## Input data
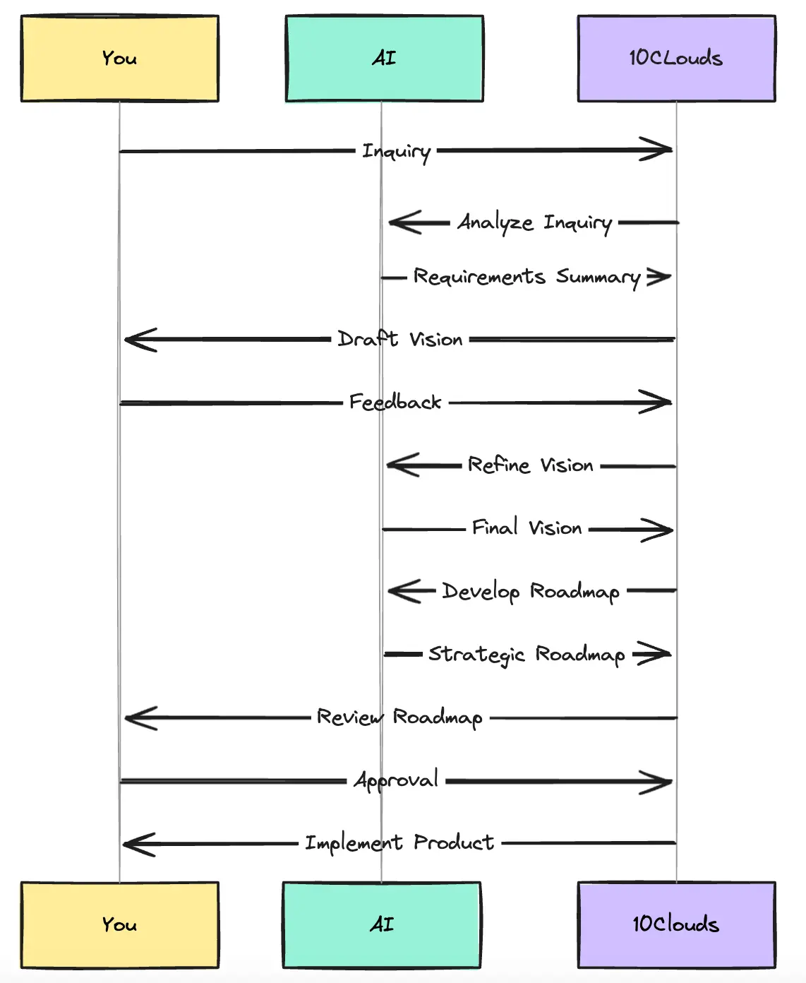 At 10Clouds, we've always been committed to delivering value to our clients at every stage of the product process, and now we're harnessing the power of AI to boost it even further. Here's how we're optimizing our approach just for you:
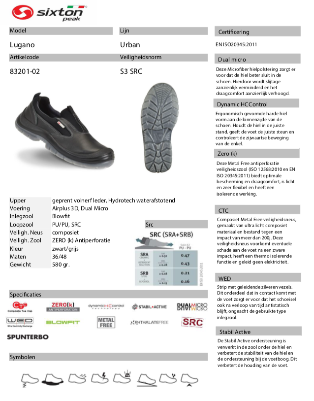 | Eigenschap | SB: safety basis, E: energie absorberende hak, A: antistatisch, PS: antiperforatie zool test 3mm, WPA: waterafstotend, FO: brandstof/olie bestendig, SC: kruipneus, SR: antislip zool |
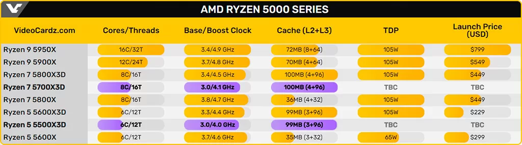 Теперь сообщается, что AMD готовит Ryzen 7 5700X3D и Ryzen 5 5500X3D. Они получат аналогичное старшим собратьям количество кэша третьего уровня, такое же количество ядер/потоков, но на 400 МГц меньшие частоты работы – «буст» до 4-4,1 ГГц. Внушительное количество кэша третьего уровня обеспечит хорошее быстродействие в играх. Детальные характеристики в таблице:
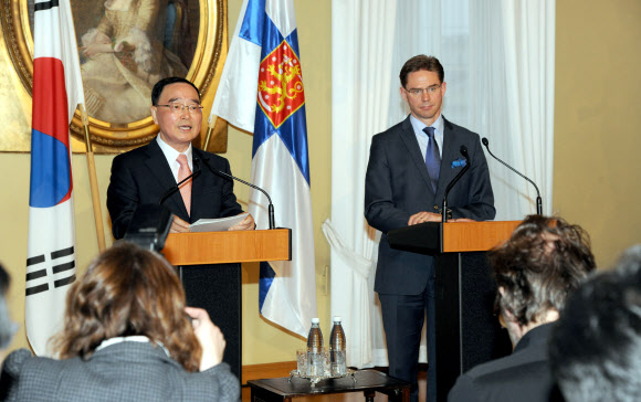 핀란드를 공식방문 중인 정홍원 국무총리가 23일(현지시간) 헬싱키 정부국제회의장에서 이와르키 카타이넨 총리와 회담을 마친 뒤 공동기자회견을 하고 있다.<br><br>헬싱키 연합뉴스
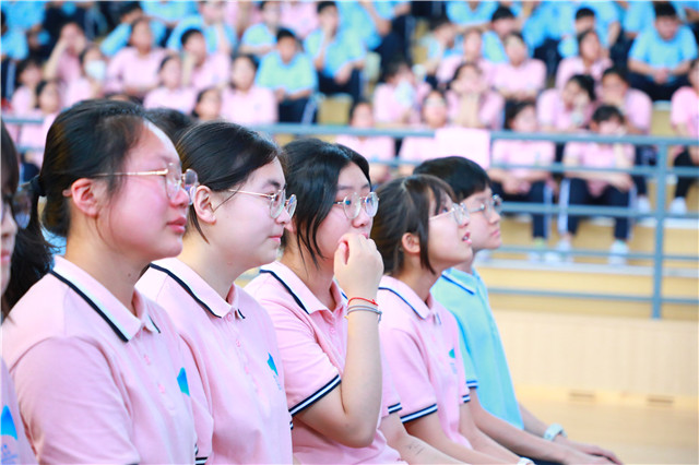 初三全体师生,学校和学部各级主管,七、八年级学弟学妹共同见证了这一神圣而又激动人心的时刻。本次典礼由九年级四位同学主持,并采取了同步直播的形式,让未能亲临现场的家长和社会各界朋友感受这温馨而难忘的时刻。
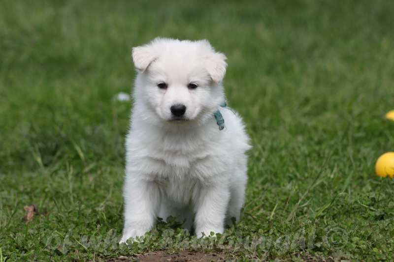 Anouk, Oma der süßen Racker. Naja Ayasha kannte sie ja schon, aber ich- für mich war es das erste Mal und ich muss sagen, sehr sehr nett. Sie hat uns gestreichelt und gesagt, dass wir gut sozialisiert seien, weil eine Aussi-Dame gleichzeitig zu Besuch war und auch die Babys beschnuppern durfte und wir sie nicht wie sie sagte ``in der Luft zerfetzt`` hätten. Versteh ich gar nicht, später hatten wir ja auch gemeinsam mit Erna- so heißt sie- Pute gegessen. Sie scheint ganz nett zu sein, nur weiß sie aber nicht so recht ob sie eines meiner Babys adoptieren sollte. Unsere Praktikantin Saskia ist super nett, sie hilft morgens die Meute zu füttern die Betten zu lüften und dann spielt sie, wenn alle gekämmt sind mit uns allen, auch wald- und wiesentauglich ist Saskia, aber der Wald wimmelt vor Zecken so dass wir im Moment nicht mehr dahin sollen. Was soll´s so geht es nur noch an die Rur hindurch den Feldern ..und wenn keiner guckt springe ich mal schnell rein um mich abzukühlen. Nun weiß Frauchen auch wer wohin geht - also die Auswahl finde ich echt klasse, sie kann unsere Nachzucht gut einschätzen und da die Besucher immer wieder nach uns schauen passt das alles, Frauchen beobachtet immer wieder was wer macht, und macht sich hin und wieder Notizen –die ich leider nicht lesen kann, hoffe nicht das dies eine Liste mit Strichen ist, wer besonders lieb war oder aber wer schlecht hört. Meine Tochter Bailey- Joy war dies Woche beim Arzt und wurde geröngt wenn ich es richtig verstanden habe soll sie auch mal Mama werden, und das bei uns.. freu mich auf die Zeit - dann kann ich wieder Welpen hüten – ganz ohne vorher meine Figur zu ruinieren! So lässt es sich doch leben JDie Kleinen werden nun immer größer – und frecher. Sehr aufmerksam wird das kommen und gehen von allem, was sich bewegt, beobachtet – manchmal auch kommentiert. Der blöde Kater Speedy stolziert manchmal lässig am Zaun entlang. Meine Enkelchen sind sehr neugierig, würden gerne mit ihm spielen oder ihn zumindest beschnuppern. Aber nein, dazu ist sich der Herr noch zu fein. Auch unsere Küsse, die wir ihm im vorbei gehen geben, sind als Bestechung nicht ausreichend.. So wird eben gemoppert, wenn er sich mal blicken lässt. Naja, da bin ich ja mal gespannt, was die kommenden Wochen noch bringen werden.. Ich muss nun schnell los, wir wollen einen Spaziergang machen.. Bis bald
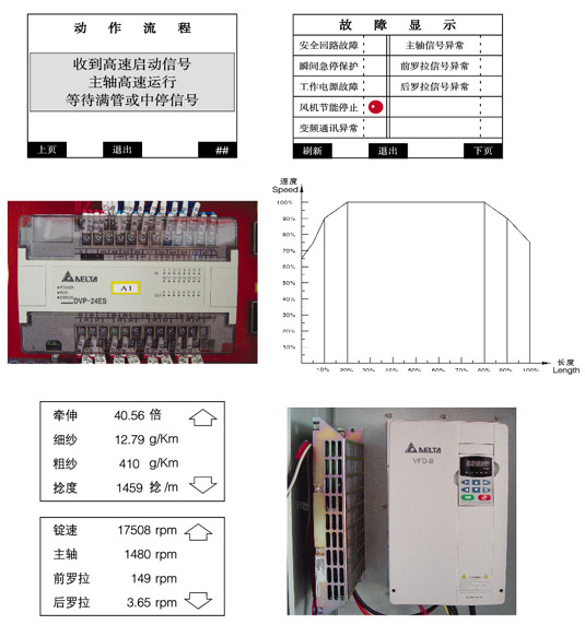 1.主機(jī)變頻驅(qū)動(dòng)時(shí),紡紗速度多點(diǎn)設(shè)置,降低大、小紗斷頭率。
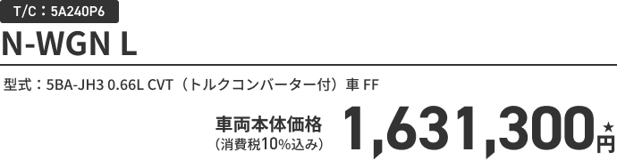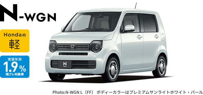 N-WGN L(FF) ボディーカラー/有料色 メーカーオプションなし〈実質年率1.9% 36回(3年)払い〉車両本体価格(消費税10%込み)1,631,300円★の場合
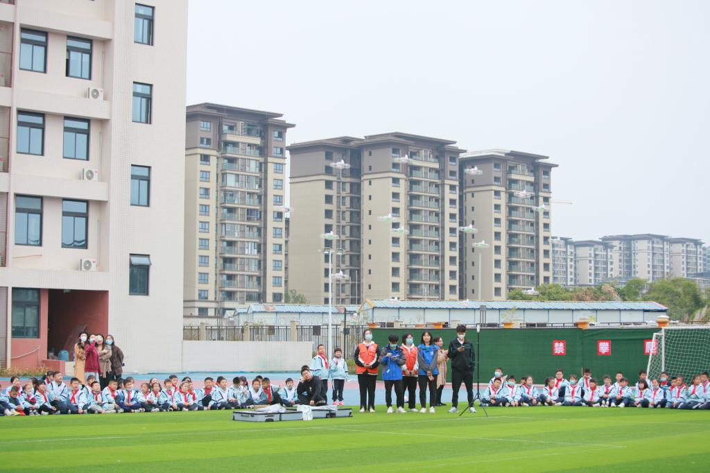 活动在20架无人机组成的编队徐徐升空中被推向高潮,它们不断在空中变换着不同的矩阵,整齐有序,几架系着彩带的滑翔机、穿越机先后起飞,在空中悬停、横滚、上下翻飞,一个个精彩刺激的展示动作,引发了学生们的阵阵尖叫和掌声。
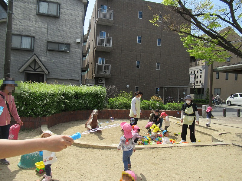 右下写真、シャボン玉を作り続けていた先生は腕がパンパンになったんですって笑
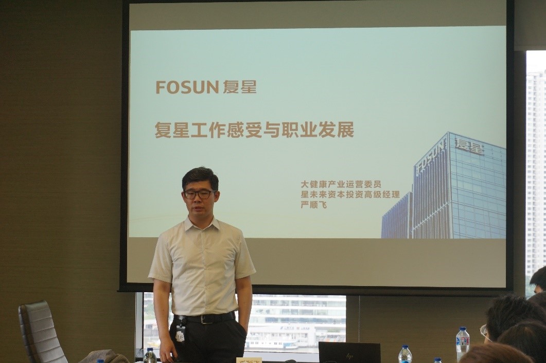 复星大健康产业运营委员、星未来资本投资高级经理严顺飞讲述了他在复星的工作感受与职业发展建议。从严顺飞的讲解中,师生了解到复星在其重点布局的赛道上一直在持续深耕,在投资业务中始终将专业化放在首位,在人才选拔和人才任用上力求“用专业的人做专业的事”。严顺飞建议同学们要多学习多思考,力求丰富自身的深度专业知识储备和跨行业知识储备,做一个复合型人才。
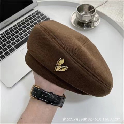 사랑 베레모 사랑 여성 가을과 겨울 일본 모직 만화 곰 화가 모자 큰 머리 둘레 쇼 얼굴 귀여운 03
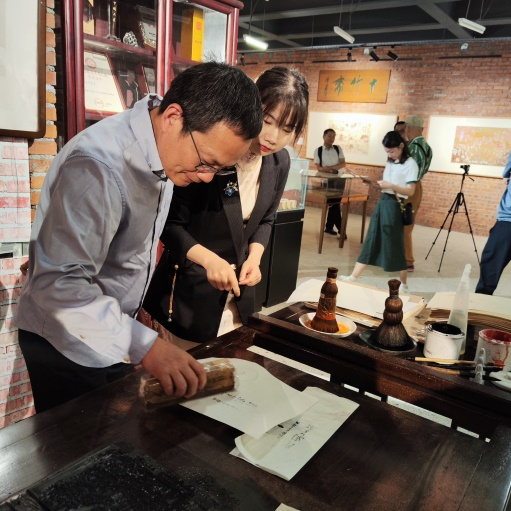 首先在林晓瑛副校长的带领下,大家参观了观成实验学校的“十竹斋 木版水印”博物馆,听取十竹斋非遗传承人魏新老师的解说,并体验传统非遗技术。

## What you are asked to do
When you reach the line that has "复星大健康产业运营委员、星未" in the data above, start repeating lines exactly, and stop after the line that has "사랑 베레모 사랑 여성"; pictures stay out.

## Finished exercise
 复星大健康产业运营委员、星未来资本投资高级经理严顺飞讲述了他在复星的工作感受与职业发展建议。从严顺飞的讲解中,师生了解到复星在其重点布局的赛道上一直在持续深耕,在投资业务中始终将专业化放在首位,在人才选拔和人才任用上力求“用专业的人做专业的事”。严顺飞建议同学们要多学习多思考,力求丰富自身的深度专业知识储备和跨行业知识储备,做一个复合型人才。
 사랑 베레모 사랑 여성 가을과 겨울 일본 모직 만화 곰 화가 모자 큰 머리 둘레 쇼 얼굴 귀여운 03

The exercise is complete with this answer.